HPLC, UHPLC
How Does Climate Change Affect Maple Trees?
Apr 08 2016
The maple leaf is synonymous with Canada, but the syrup which emanates from the tree is also an icon of the north eastern United States. In fact, around 50 years ago, 80% of the world’s maple syrup came from the US with much of it originating in New England with the remaining 20% from Canada — today, those roles are reversed.
Scientists at the University of Massachusetts believe the role reversal is down to climate change and that if the temperature of the planet continues to rise, maple trees (and the highly lucrative maple syrup industry that comes with them) could be eradicated from the US entirely.
An Exact Science of Nature
The production of maple syrup is a highly selective process which only occurs in certain climates and ecosystems. It’s entirely dependent on a rigid cycle of freezing and thawing which can only occur during very cold nights and mild days. When sub-zero temperatures set in during the wee hours, the sap is frozen in the tree’s roots. Then, as the temperature rises through the day, the sap creeps back through the branches of the tree and can be harvested by tapping one of its limbs. This occurs when temperatures reach between 4°C and 5°C.

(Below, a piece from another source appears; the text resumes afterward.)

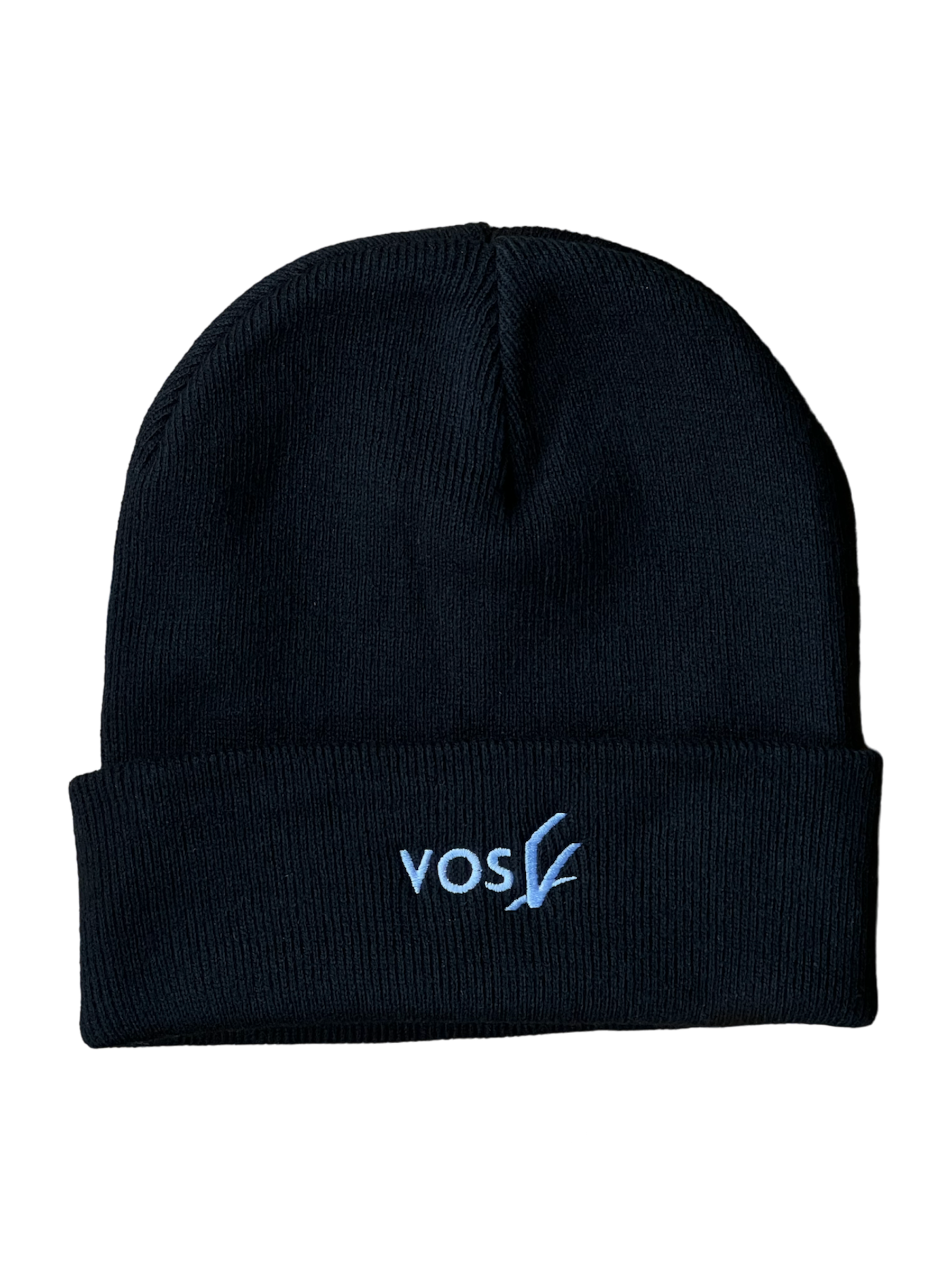Cuffed beanie in black with white embroidered VOS Text Logo

However, due to the effects of global warming and climate change, harvesters have been forced into commencing their tapping earlier and earlier in the calendar year to take advantage of the cold temperatures while they last. This has resulted in a lower yield of syrup from the trees and a diminishing supply in the United States. The future of the maple syrup industry in the United States could have an expiration date of as early as 2100.
Chromatography Teaches Us More
The study is the product of a $150,000 grant into researching how exactly climate change has affected maple trees over time – and how it will continue to do so in the future. Syrup is mainly made up of sugar and water but also contains phytochemicals, which are the key to giving it its distinctive flavour.
Using high performance liquid chromatography (HPLC) to analyse trees tapped at various sites around North America, the team hope to understand how changing temperatures have affected syrup quality and composition. Its main aim, according to plant ecologist Kristina Stinson, is to “get a handle on how much variation there is in this secondary chemistry, the different concentrations of phytochemicals and the relationship to syrup quality in sugar and red maples across the landscape.”
It’s not the first time that chromatography has been used to analyse phytochemicals. As recently as 2014, the technique was used to investigate why candy cap mushrooms taste like the syrup and this article, Extracts of the Chinese Herbal Remedy Gymnema sylvestre Inhibit the Sodium-Dependent Glucose Transporter 1, looks at HPLC use in Chinese medicine.
Get your maple syrup stockpiled quick.